Q4: How do multi-server MCP configurations enable workflows that would not otherwise be possible?
Each MCP server gives the AI assistant access to one domain of tools. When multiple servers are connected simultaneously, the assistant can synthesize information across domains in a single conversation. For example: search Slack for context about a production incident (Slack server), look up related GitHub PRs (GitHub server), check the affected database schema (Postgres server), read the relevant runbook (filesystem server), and post a summary to the incident channel (Slack server again). Each of these actions requires a different server. Without MCP, each step would require the user to manually switch contexts, copy data between windows, and re-explain the situation to different tools. With multi-server MCP, the AI assistant handles the cross-context synthesis directly, making complex information retrieval workflows practical.
Q5: What are the key differences between using an IDE-integrated MCP setup vs. Claude Desktop?

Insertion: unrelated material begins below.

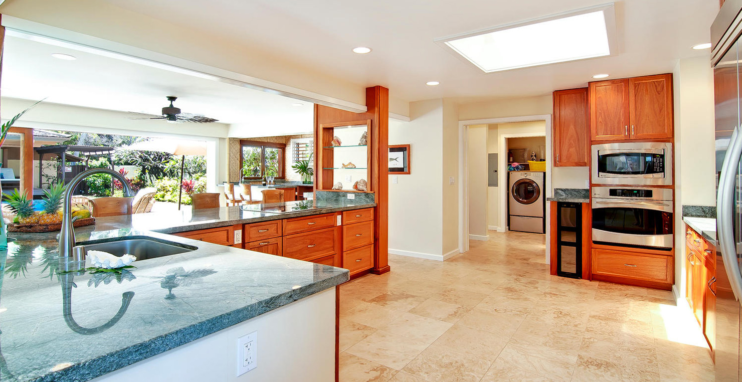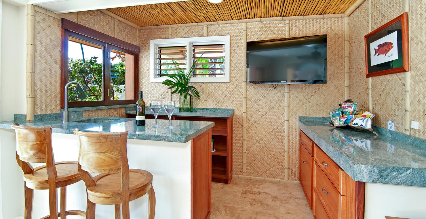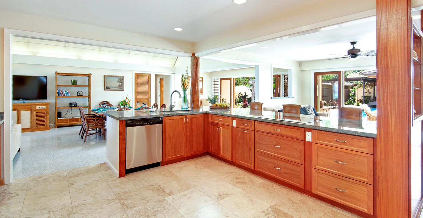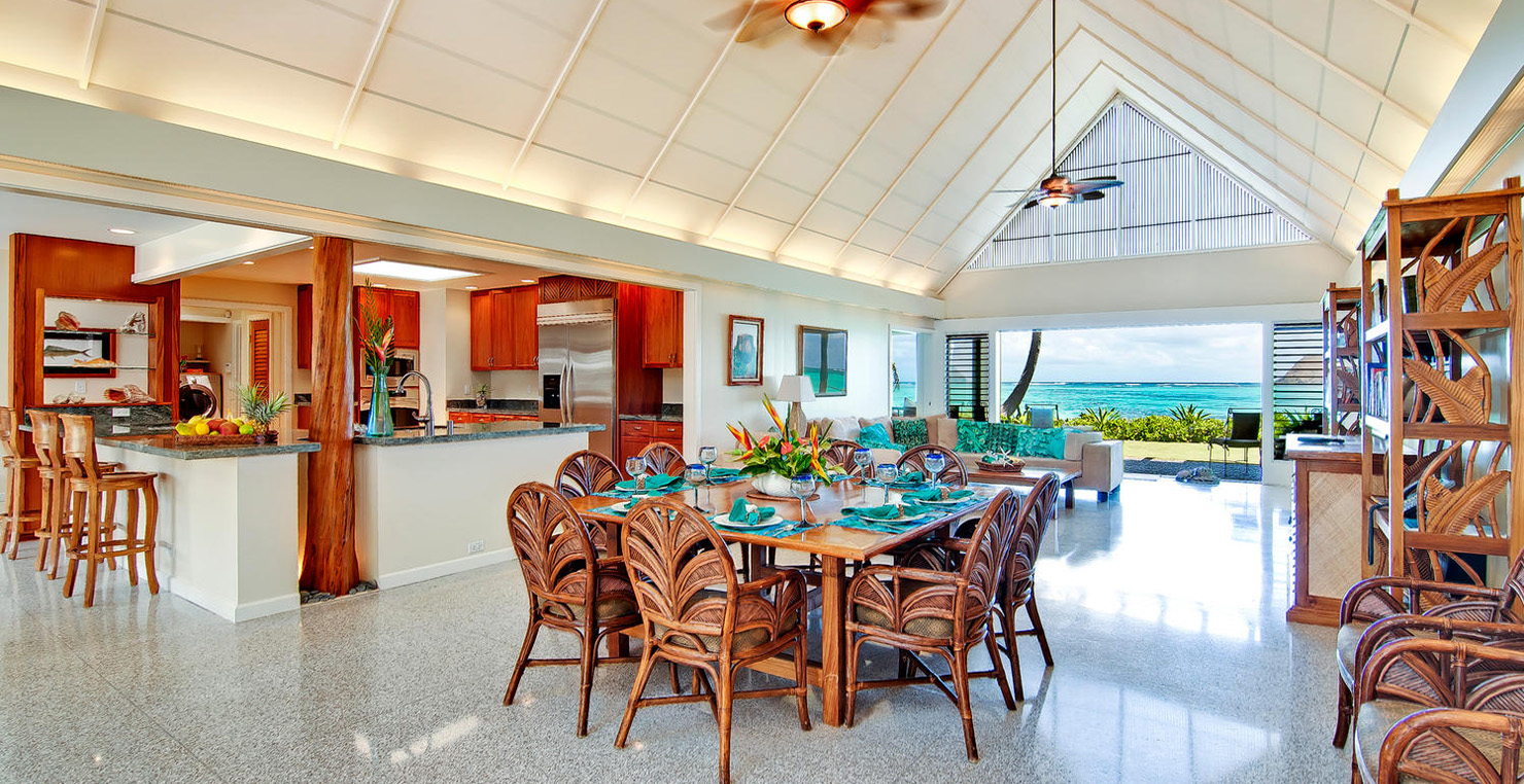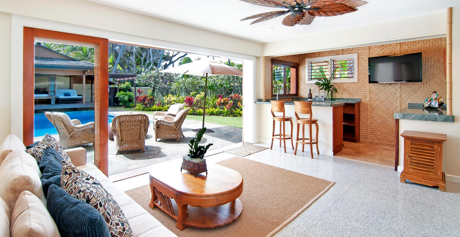 Mokulua Nui houses a gourmet kitchen for you to make your morning "Loco Moco", and a full wet bar open to the pool area for mixing tropical cocktails! With four spacious bedrooms in the main house as well as two in a separate cottage, known locally as an “Ohana” unit, this home has plenty of space to accommodate family and friends. Bring your entourage, and start making memories at Mokulua Nui!

Claude Desktop is a standalone application with a complete UI for conversations. MCP tools are available in the conversation interface, and the AI can use them during any conversation. It is ideal for general-purpose AI assistance and is the reference client for testing new MCP servers. IDE integrations (Cursor, Zed, VS Code) embed MCP tools within the development workflow - the AI assistant has access to MCP tools while you are writing code, and the workspace filesystem is automatically in scope. IDE integrations are better for coding tasks because they have workspace context (which files are open, what the user is working on), can see the code editor state, and are optimized for code generation and review workflows. For most development teams, both are valuable: IDE integration for coding tasks, Claude Desktop for general analysis and planning conversations.